— Можно, сынок.
Никита достал из рюкзачка большую витиеватую карамель в прозрачной обертке и протянул Шамилю.
— Возьмите. И не плачьте. Мама говорит, что мужчина не должен плакать при всех.
— Спасибо, родной, — Шамиль взял мальчика за руку, — твоя мама знает, что говорит. Она стоит десятка мужчин.
Поймав взгляд Даны, Баграев спросил почти беззвучно:
— Он знает?
Данка снова покачала головой, тот бессильно откинулся на подушки.
— Приведи их еще раз. Пожалуйста…
Она не ответила, просипела: «Выздоравливайте», — взяла детей за руки и вывела в коридор. Надо дождаться Олю, а потом можно попросить Аверина их куда-нибудь отвезти. Можно в парк.
— Мама, а почему ты говоришь на него дядя, если он дедушка? — спросил Никита. — Он же старый.
— Он не такой старый, Никита, — начала говорить Дана и осеклась, замерев.
Попятилась, притянув к себе детей. Внутри будто натянулись сотни струн, вибрируя на самых высоких нотах, завывая и лопаясь. Ноги мелко дрожали — да она вся дрожала, все сильнее сжимая детские ладошки.
Потому что прямо напротив нее стоял Даниял.
У каждой боли есть порог, выше которого ее усиление перестает играть существенную роль — это Даниял хорошо усвоил за последние четыре года. А главное, он знал, что когда болит тело, это не идет ни в какое сравнение с тем, когда режется на полоски сердце.
Когда в лохмотья рвется душа. Когда жжет напалмом совесть и чувство вины. Когда разверзается пропасть, в которую невозможно бесконечно падать — можно лишь стоять на краю, пока осознание непоправимости леденит внутренности.
Его давно интересовало — а в чем измеряется боль, у каких единицах измерения? И во сколько раз боль от физических повреждений меньше боли невидимой, незримой? Раны от нее не видны, но рубцы, остающиеся в душе, уродуют не меньше.
Болевой порог Дана был преодолен, когда он узнал, что компромат на его Данку был сфабрикован. Все последующие факты сознание в какой-то момент просто перестало принимать — они отлетали как теннисные мячики от ракетки.
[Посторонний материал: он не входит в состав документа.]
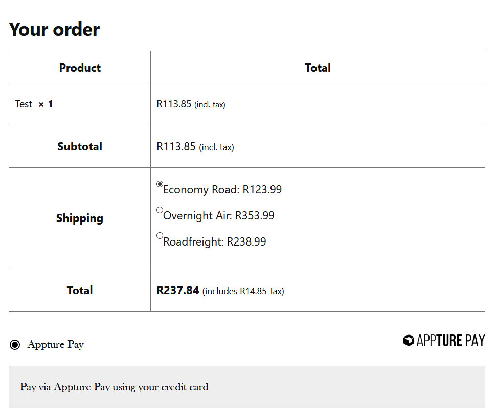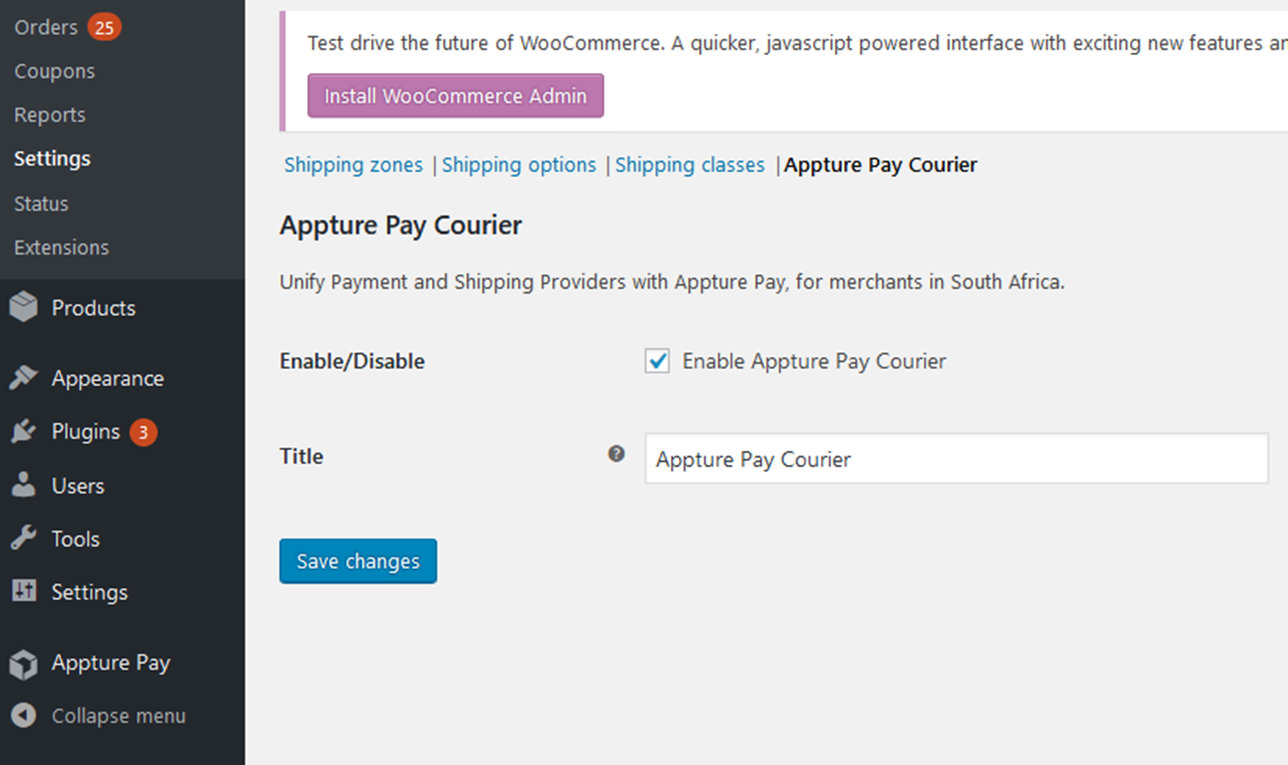 - Enable the Appture Pay Courier by ticking the Enable/Disable checkbox and click Save Changes

И еще Даниял знал, что боль от ран и повреждений и боль при восстановлении имеют не только разную шкалу, но и различную градацию. Предательство семьи не стало для него шоком, его не убило нежелание Ольги говорить о чем-то, что не имело прямого отношения к ранениям отца.
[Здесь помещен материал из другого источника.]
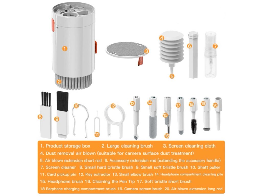 Multifunkčná čistiaca sada 20v1 je ideálnym riešením pre každého, kto chce mať svoje zariadenia vždy v perfektnom stave. Obsahuje až 20 špeciálnych nástrojov, ktoré sú určené na dôkladné čistenie slúchadiel, klávesníc, displejov a ťažko prístupných miest. Všetko je uložené v kompaktnom púzdre, ktoré si môžeš zobrať kamkoľvek so sebou.

Разве имеет значение, откуда были взяты фото, если первым, кто втоптал в грязь его девочку, был сам Даниял? И если у него будет полная и связная картина происходящего, разве это вернет ему Данку?
И все же он позвонил Рустаму и попросил разрешения поговорить с его женой.
— Мне нужно, чтобы ты рассказала, как твой отец требовал от тебя придать нашему браку законности, Зарема. Только не мне, другому человеку, я дам его номер. Очень важны детали, постарайся вспомнить как можно больше. И лучше это сделать по видеосвязи.
Дан не зря внес такое уточнение, феноменальная способность Аверина считывать информацию с лиц собеседников порой пугала. Да и контакт так установить легче.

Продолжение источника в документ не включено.